» What is required
The lines below, from the one holding "Artificial Japanese rose" through the one holding "ТСЖ БАЛТИЙСКАЯ, 23", are to be restated word for word, with all images left out.

Dataset excerpts
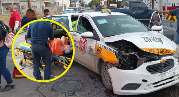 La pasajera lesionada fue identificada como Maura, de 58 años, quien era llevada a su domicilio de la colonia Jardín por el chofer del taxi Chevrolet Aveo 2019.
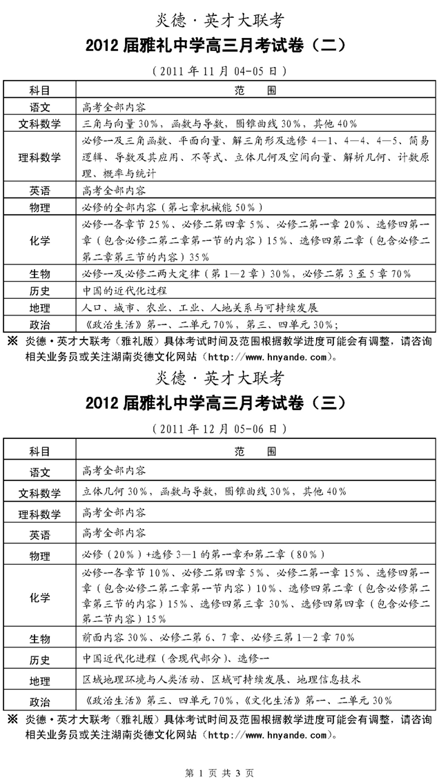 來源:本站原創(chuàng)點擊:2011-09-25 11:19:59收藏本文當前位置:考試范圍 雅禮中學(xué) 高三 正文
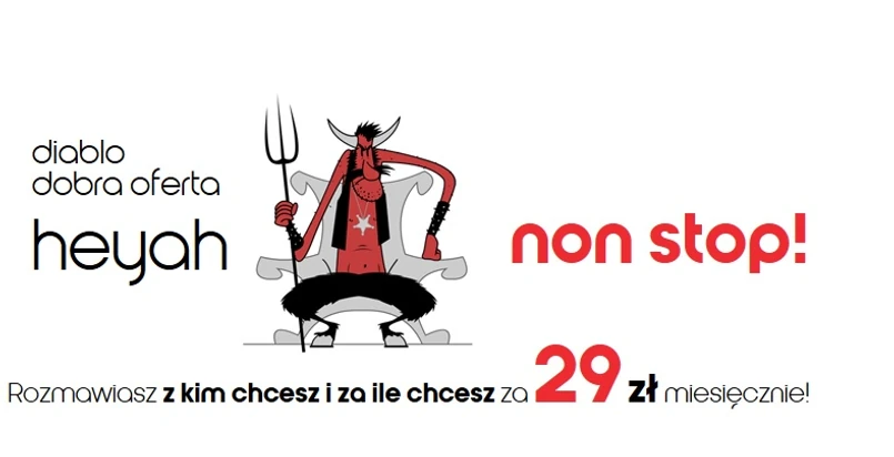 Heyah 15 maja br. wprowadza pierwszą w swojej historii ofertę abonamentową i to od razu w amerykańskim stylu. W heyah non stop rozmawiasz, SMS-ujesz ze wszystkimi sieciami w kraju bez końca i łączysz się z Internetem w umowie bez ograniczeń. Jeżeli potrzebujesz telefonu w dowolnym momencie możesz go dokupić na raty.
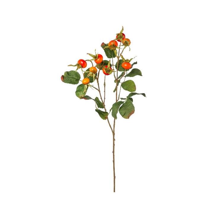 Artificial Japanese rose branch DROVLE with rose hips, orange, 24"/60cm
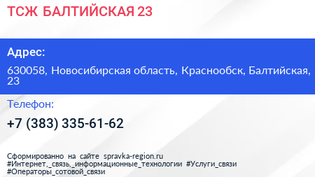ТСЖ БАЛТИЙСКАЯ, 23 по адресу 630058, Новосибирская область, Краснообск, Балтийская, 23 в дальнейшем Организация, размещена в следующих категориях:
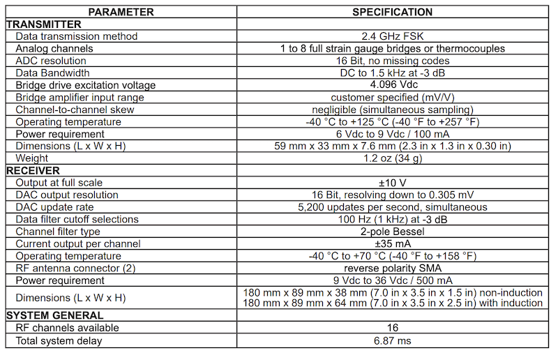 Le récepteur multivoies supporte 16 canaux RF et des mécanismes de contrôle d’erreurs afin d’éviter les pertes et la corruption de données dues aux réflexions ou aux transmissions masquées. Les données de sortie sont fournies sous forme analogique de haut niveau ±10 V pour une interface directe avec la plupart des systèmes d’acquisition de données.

» Your response
 Artificial Japanese rose branch DROVLE with rose hips, orange, 24"/60cm
ТСЖ БАЛТИЙСКАЯ, 23 по адресу 630058, Новосибирская область, Краснообск, Балтийская, 23 в дальнейшем Организация, размещена в следующих категориях:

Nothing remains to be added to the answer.